Clinical Research Division, Department of Laboratory Medicine, University of Washington, Seattle, WA 98109, USA.
Hum Immunol. 2011 Jun;72(6):503-9. doi: 10.1016/j.humimm.2011.03.003. Epub 2011 Apr 2.
Clonal chromosomal abnormalities are often found in the tumor cells of patients with malignancies. These abnormalities can cause downregulation of human leukocyte antigen (HLA) and instability of short tandem repeat (STR) DNA sequences, confounding HLA typing and/or engraftment analysis in hematopoietic stem cell transplants (HSCT). We describe here the abnormalities observed during testing of 600 HSCT patients. HLA molecular typing was performed by reference strand conformational analyses and/or sequence-based typing. STR testing was performed with 10 to 16 STR primer sets, following 1 to 4 informative loci in each patient. Eight patients exhibited either loss of heterozygosity (4 STR, 3 HLA) or STR length mutation (n = 1), and 5 of the 8 exhibited correlative cytogenetic abnormalities. Diagnoses were acute myelogenous leukemia (AML; n = 7) or myelofibrosis (MFIB: n = 1), yielding an 11% incidence of these chromosomal abnormalities among the subset of 72 AML/MFIB HSCT patients. These results highlight some of the problems encountered and the possibility for interpretive errors that can arise when analyzing molecular typing and engraftment data, particularly among AML/MFIB patients.

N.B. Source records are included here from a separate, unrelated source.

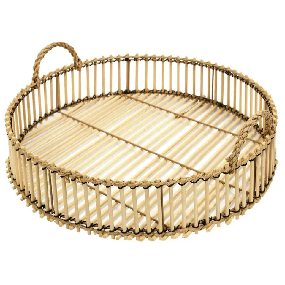 Rond Design serveer dienblad met opstaande rand voor glazen en kopjes. Materiaal: bamboe hout. Afmetingen: D40 x H6 cm. Gebruik het dienblad voor het serveren van koffie, thee, gebakjes, ontbijt, noem maar op. Deze karaktervolle, maar vooral ook handige ruime serveertray is overal voor te gebruiken. Kleur: naturel.
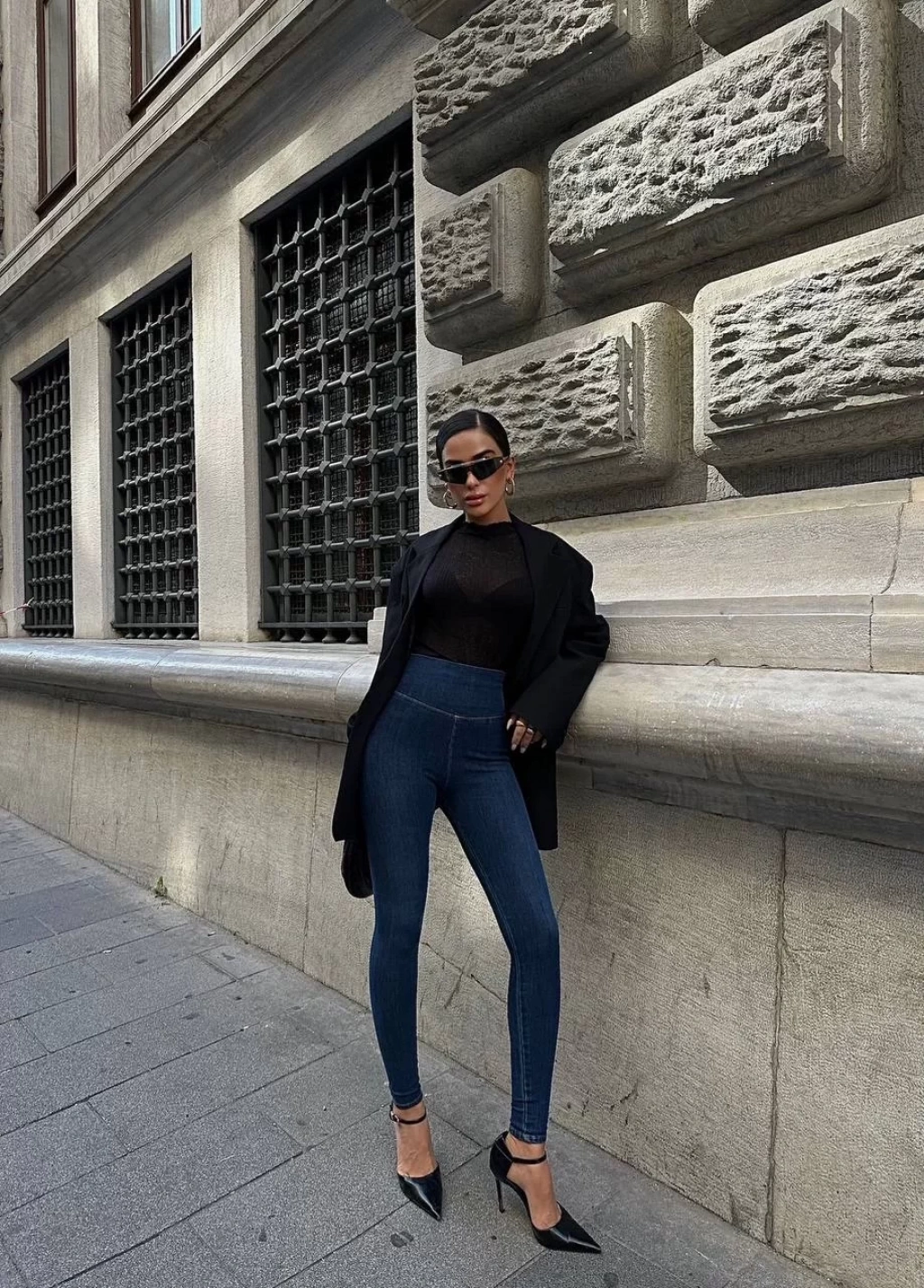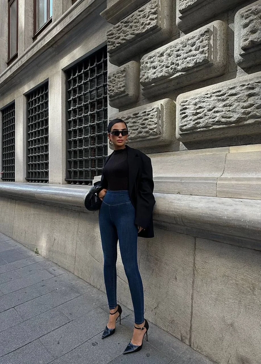 Siyah Yüksek Bel En Boy Likralı Kot Tayt
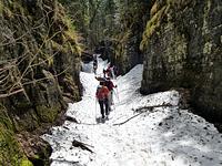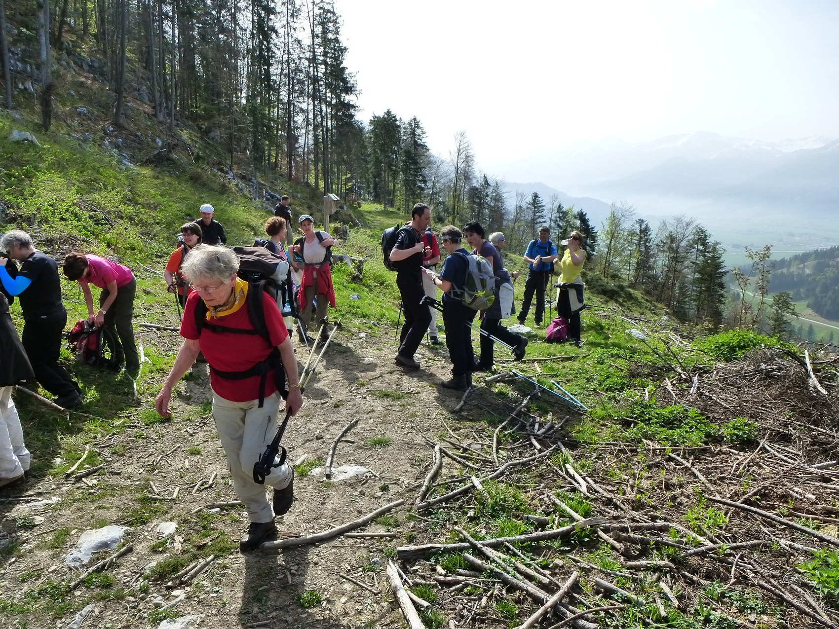 Wie sehr sich alle auf die Eröffnung der Bergwandersaison freuten, zeigte die lange Anmeldeliste. Als Auftaktwanderung galt es dem Prostkögerl auf’s Haupt zu steigen. Kaum kamen wir in Schwung, ging es auch gleich zu Beginn steil durch den Wald bergauf. Nicht lange dauerte dieser schweißtreibende Abschnitt. Gemütlich ging es weiter zur Teufelsschlucht, die wir abwärtswandernd durchstiegen. Leider lag noch sehr viel Schnee in der Schlucht, sodass sie nicht mit ihrer vollen Höhe bzw. Tiefe glänzen konnte. Auf gutem Weg und über Wiesen ging es weiter zum Gipfel. Dort prosteten wir uns mit den mitgebrachten Radlermaßen kräftig zu. Etwas mehr Sonne hätte uns gut getan und so hielt sich die Gipfelrast in Grenzen. Auf dem Rückweg ließen wir die Schlucht links liegen und erreichten so zügig den Bus. Mit einer Einkehr beim Gasthaus Mitterjäger in Griesenau auf der Terrasse beschlossen wir diese erste Tour.
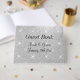 Personalized wedding guest book with sparkly cover. Classy design with glittery background image and elegant typography. Personalize with name or bride and groom plus date. Luxury details for your special day.
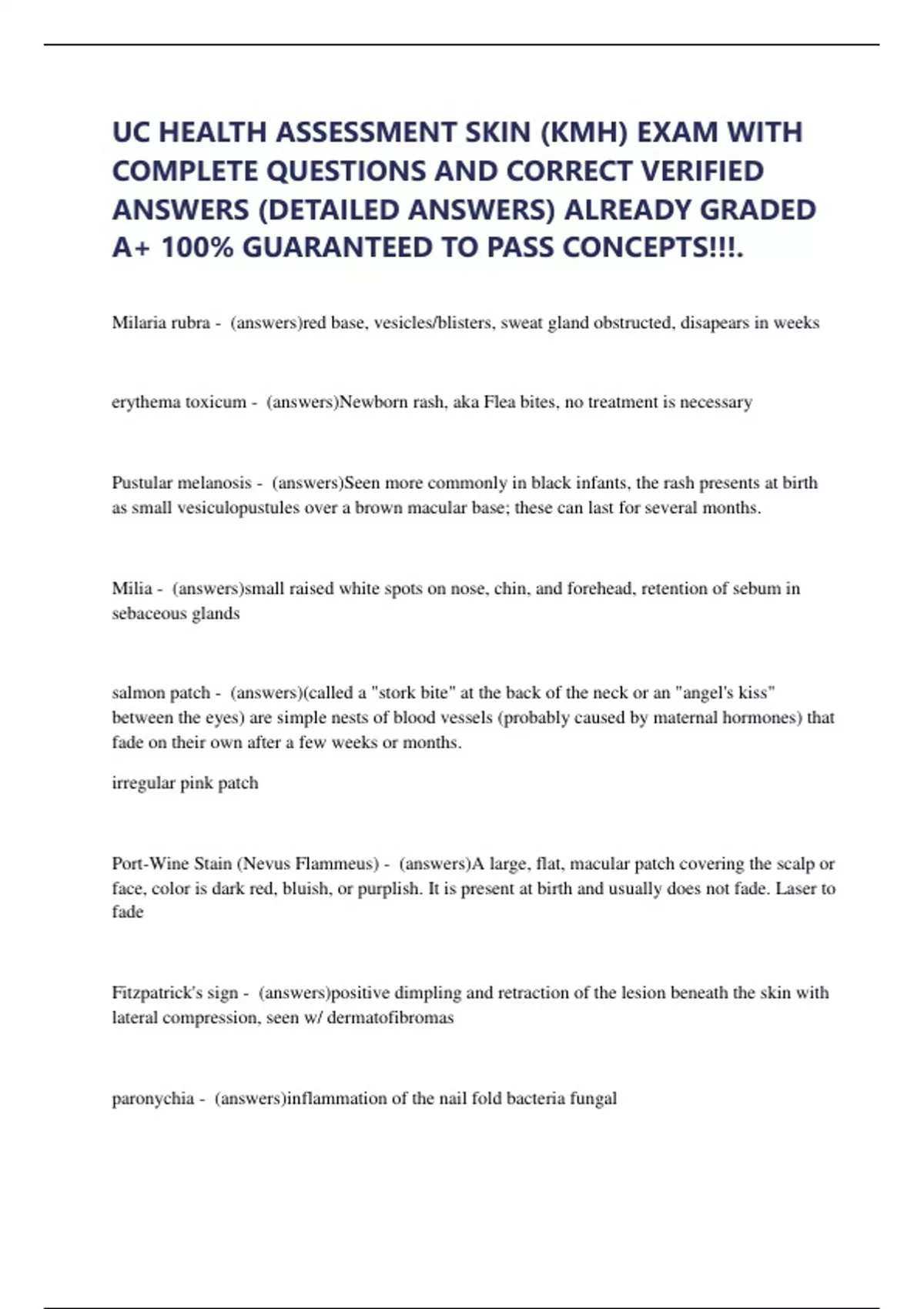 Milaria rubra - (answers)red base, vesicles/blisters, sweat gland obstructed, disapears in weeks
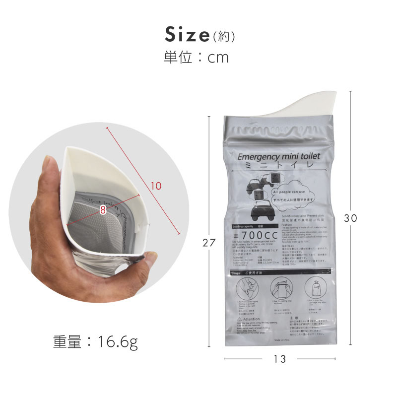 携帯用トイレ 車 子供 子ども 女性 男性 防災 袋 凝固剤 小便 災害用 登山 非常用 渋滞 個包装 使い捨て 700cc アウトドア 運転 ---------------------- コンパクト 薄型 軽量 男女兼用 5個現役防災士による監修で、非常時に頼れる安心構造を実現。
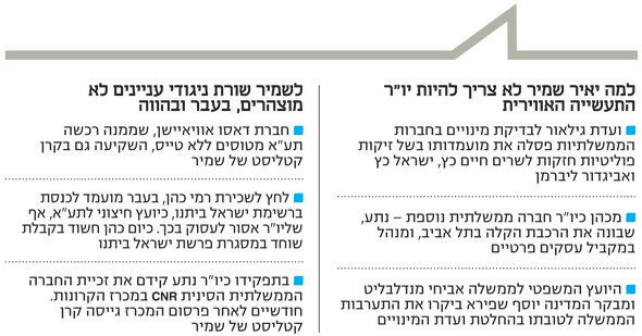 יאיר שמיר הוא אולי טייס ואיש עסקים, קורות החיים שלו אולי מרשימים, אבל אין שום סיבה לעקם בשבילו את הכללים. הוא לא היה יו"ר מוצלח לחברה בקדנציות הקודמות; הוא היה שותף מלא של יו"ר ועד העובדים הקודם חיים כץ, היום שר שגם תומך במינוי, לפוליטיזציה של החברה; הוא לא מתכוון לוותר על עסקיו הפרטיים; והוא גם לא יכול ולא צריך להחזיק במקביל בשני תפקידים ממשלתיים בכירים.
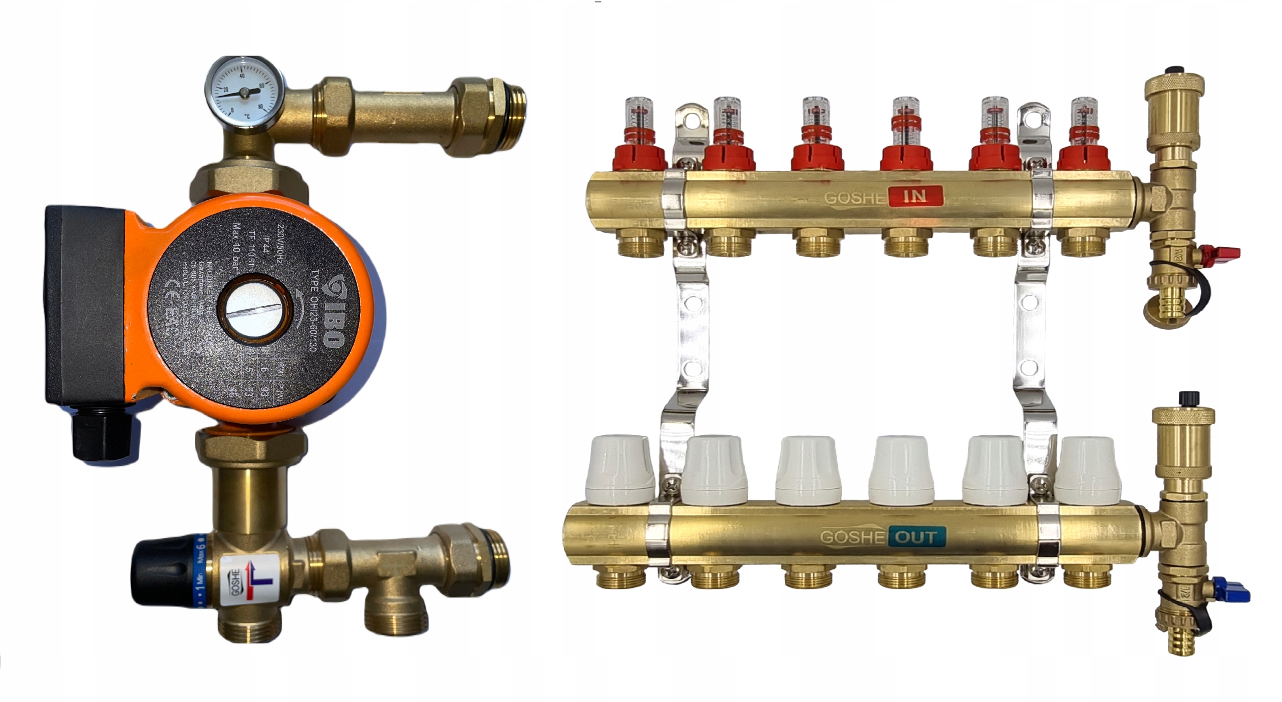 - Група, яка автоматично регулюватиме температуру води під підлогою відповідно до налаштування клапана та захищатиме систему від надто високої температури.
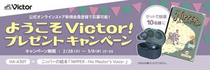 2月28日(火)から3月8日(水)23:59までの期間中、JVCケンウッドストアに新規会員登録することでビクターの最小・最軽量完全ワイヤレス「HA-A30T」と、蓄音機に耳を傾ける姿でお馴染みのニッパー犬の絵本「NIPPER -His Master’s Voice-」が10名にプレゼントされるキャンペーン。
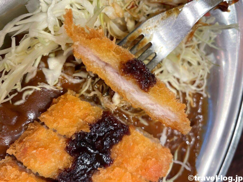 そしてキャベツを食べて、カツを堪能しながらカレーを味わう
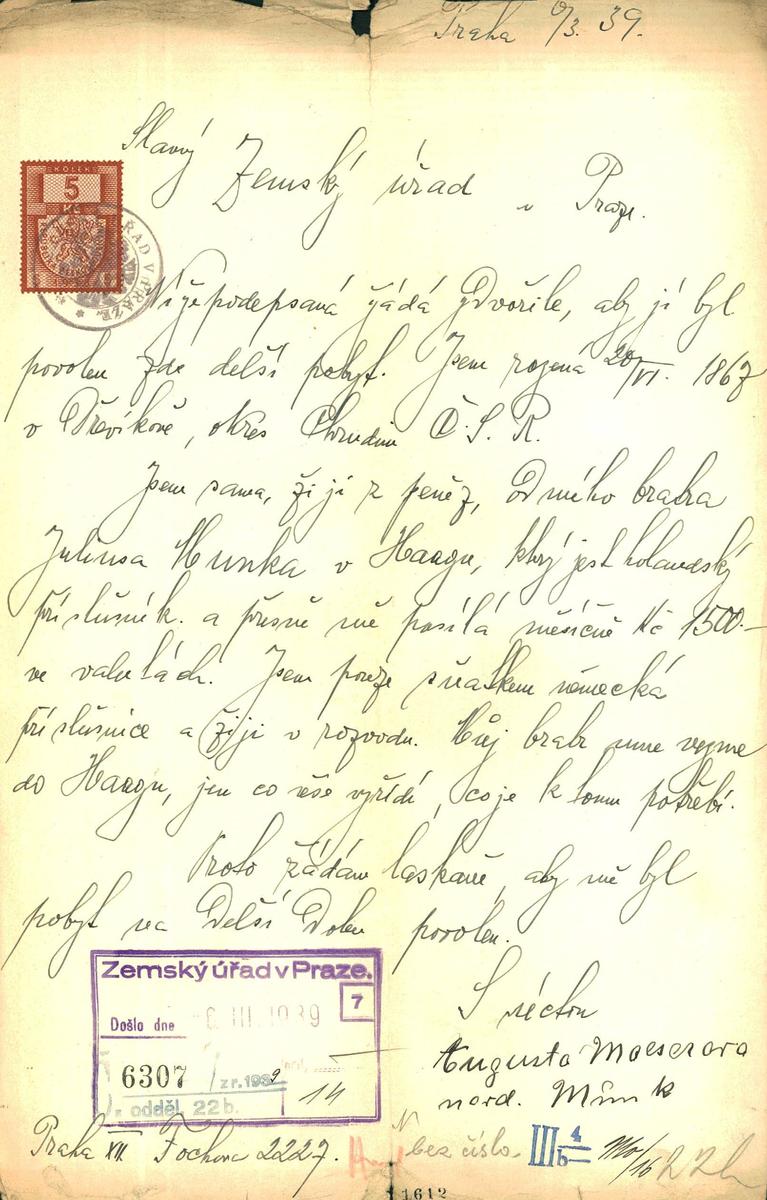 Möserová Augusta: Žádost o prodloužení povolení pobytu
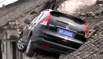 شاهد كيف استقرت هذه السيارة على سقف احد المنازل
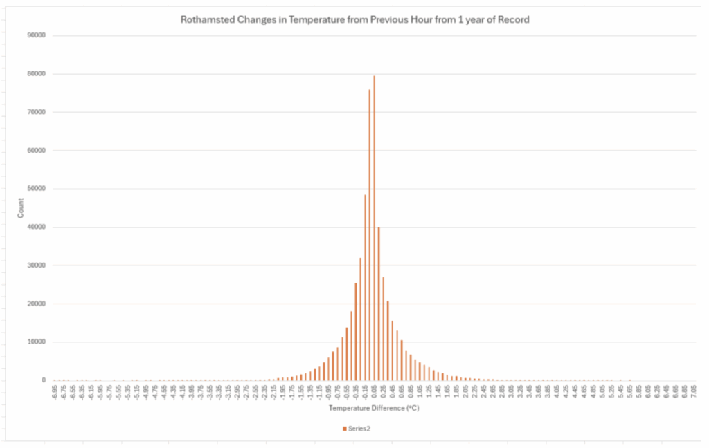 The main takeaway from this new crucial scientific evidence is that many daily maximum temperature spikes at Met Office stations are not genuine weather events but artefacts arising from careless, bad or even intentionally poor siting. At Rothamsted, changes from minute to minute follow a predictable natural pattern, with the vast majority of the 525,541 readings varying from -0.15°C to 0.25°C. Individual changes from the previous hour show an expected wider spread and, depending on the season, vary over the majority of the readings from around -0.35°C to 0.45°C. To give an idea of how dreadful some of Met Office data is, consider its declaration that the hottest ever UK May 1st temperature of 29.3°C was recorded this year in the urban heat jungle of Kew Gardens. The measurement occurred at 2.59pm and was no less than 2.6°C higher than at 2pm and 0.76°C above the 3pm mark – whatever was being recorded on that day, it is highly unlikely that it was the ambient natural air temperature.
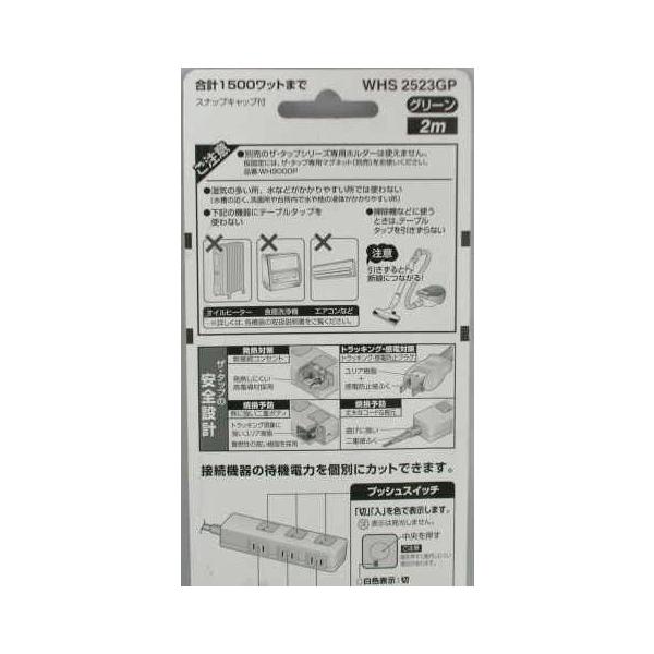 パナソニック 製品番 WHS2523GP3個口2m グリーン接続機器の待機電力を個別にカットできます。発熱対策 発熱しにくい高電導材採用トラッキング 感電対策 ユリア樹脂+感電防止被ふく焼損予防 熱に強い二重ボディー 丈夫なコード&根本
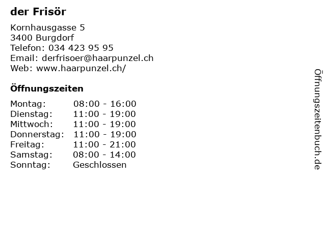 | Öffnungszeiten der Frisör in Burgdorf anzeigen | |
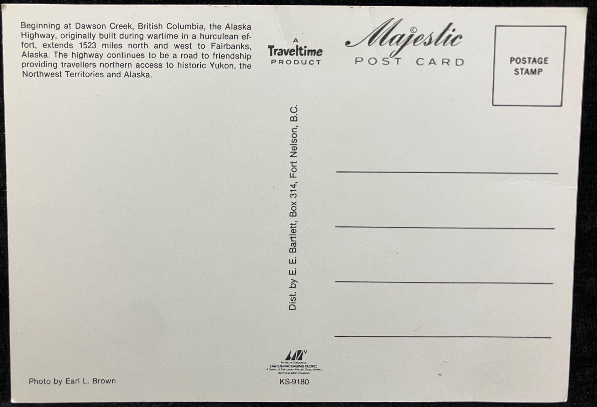 Back: Beginning at Dawson creek, British Columbia the Alaska Highway, originally build during wartime in a hurculean effort, extends 1523 miles north and west to Fairbanks, Alaska. The highway contuse to be a road to friendship providing travellers northern access to historic Yukon, the Northwest Territories and Alaska.

克隆染色体异常在恶性肿瘤患者的肿瘤细胞中经常被发现。这些异常可导致人类白细胞抗原(HLA)的下调和短串联重复(STR)DNA 序列的不稳定性,从而干扰造血干细胞移植(HSCT)中的 HLA 分型和/或植入分析。我们在此描述了在对 600 名 HSCT 患者进行检测时观察到的异常情况。HLA 分子分型采用参考链构象分析和/或基于序列的分型进行。STR 测试采用 10 到 16 个 STR 引物组,每个患者检测 1 到 4 个信息性基因座。8 名患者表现出杂合性丢失(4 个 STR,3 个 HLA)或 STR 长度突变(n = 1),其中 5 名患者存在相关的细胞遗传学异常。诊断为急性髓系白血病(AML;n = 7)或骨髓纤维化(MFIB:n = 1),在 AML/MFIB HSCT 患者亚组的 72 名患者中,这些染色体异常的发生率为 11%。这些结果强调了在分析分子分型和植入数据时可能遇到的一些问题,以及可能出现的解释错误,尤其是在 AML/MFIB 患者中。